En l’espèce, le bulletin d’impôt litigieux ne comporte pas d’élément de motivation spécifique permettant de justifier les redressements, mais se limite à indiquer une reprise globale de 30.000 euros, tout en renvoyant à un courrier du bureau d’imposition du 5 novembre 2007. Il ressort dudit courrier que certaines des reprises litigieuses sont simplement motivées par une prétendue existence de doubles emplois avec l’association professionnelle … & …, alors que pour les reprises de frais de téléphone et de frais de voyage, aucun motif n’est indiqué.
Le demandeur ayant dans le cadre du présent recours encore apporté des précisions à l’appui de ses prétentions, sans que l’Etat ait rencontré ces prétentions quant à leur principe et quant à leur montant, le tribunal confronté à un dossier non autrement instruit en défense, est partant amené à faire droit aux conclusions du demandeur, faute pour le bulletin déféré de se justifier par ses propres éléments de motivation, voire pour le dossier administratif versé en cause de comporter des éléments suffisamment précis pour retracer la démarche suivie à la base par le bureau d’imposition.
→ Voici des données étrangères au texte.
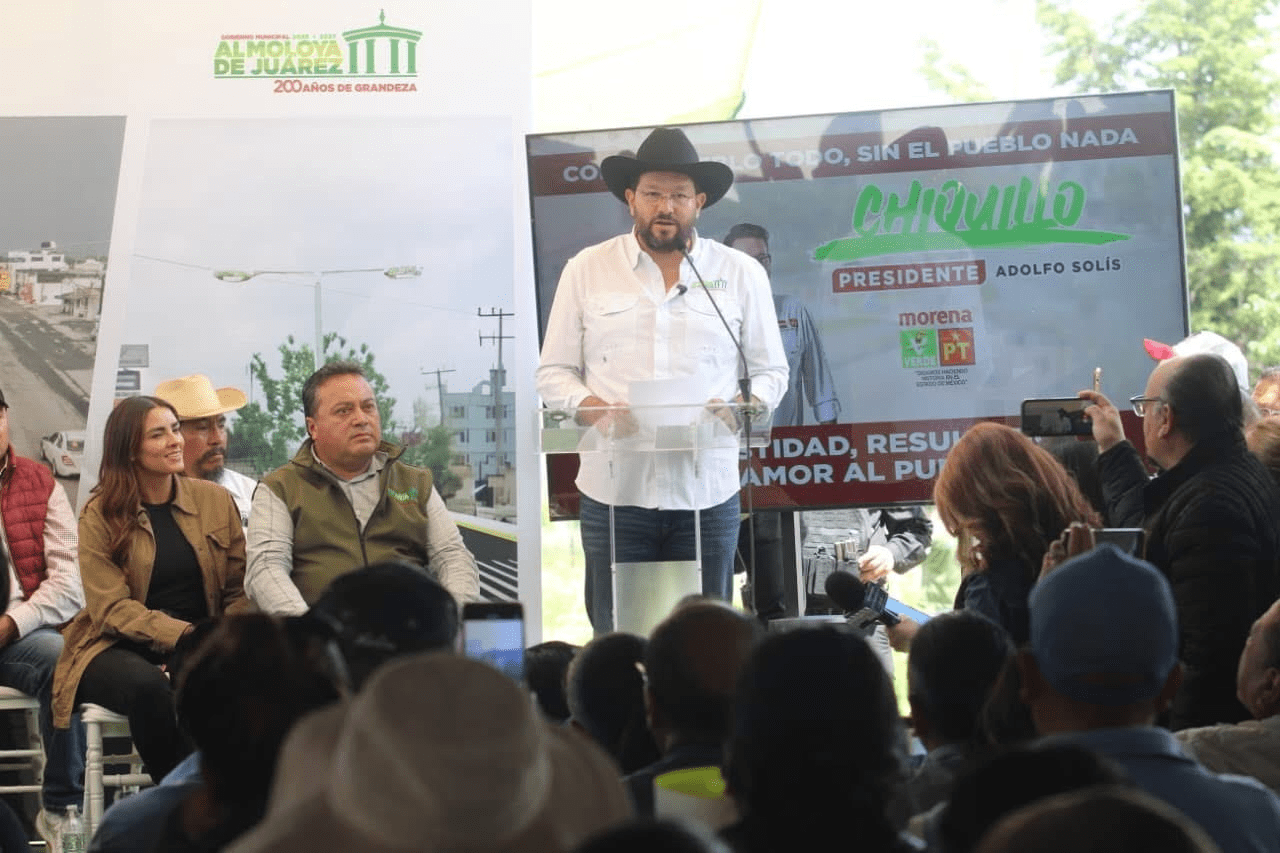 Almoloya de Juárez, Méx.– En los últimos meses, habitantes de este municipio han señalado que el presidente municipal, Adolfo Solís Gómez, estaría utilizando su imagen, la de la Presidenta de México y los logotipos de los partidos políticos que lo postularon para anunciar o inaugurar obras públicas.

Il résulte de l’ensemble des considérations qui précèdent qu’en l’état actuel de l’instruction du dossier, il y a lieu, par réformation du bulletin d’impôt déféré, de dire qu’il n’y a pas lieu de procéder aux reprises opérées par le bureau d’imposition en ce qui concerne les frais de saisie et de restaurant, de téléphone, de bureau, de voiture, de parking et de voyage.
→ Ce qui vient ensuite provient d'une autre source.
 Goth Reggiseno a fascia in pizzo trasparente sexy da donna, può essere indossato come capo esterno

Par ces motifs, le tribunal administratif, deuxième chambre, statuant à l’égard de toutes les parties ;
déclare le recours en réformation irrecevable dans la mesure où il a été introduit par Madame … ;
pour le surplus, reçoit le recours en réformation en la forme en tant qu’introduit par Monsieur … ;
au fond, le déclare justifié ;
partant, par réformation du bulletin d’impôt sur le revenu de l’année 2005 du 19 décembre 2007, dit qu’il n’y a pas lieu de procéder aux reprises opérées par le bureau d’imposition en ce qui concerne les frais de saisie et de restaurant, de téléphone, de bureau, de voiture, de parking et de voyage ;
renvoie le dossier au directeur de l’administration des Contributions directes aux fins de transmission au bureau d’imposition compétent ;
déclare le recours subsidiaire en annulation irrecevable ;
condamne l’Etat aux frais.
Ainsi jugé par :
Carlo Schockweiler, premier vice-président, Martine Gillardin, premier juge, Annick Braun, juge, et lu à l’audience publique du 19 octobre 2009 par le premier vice-président, en présence du greffier en chef Claude Legille.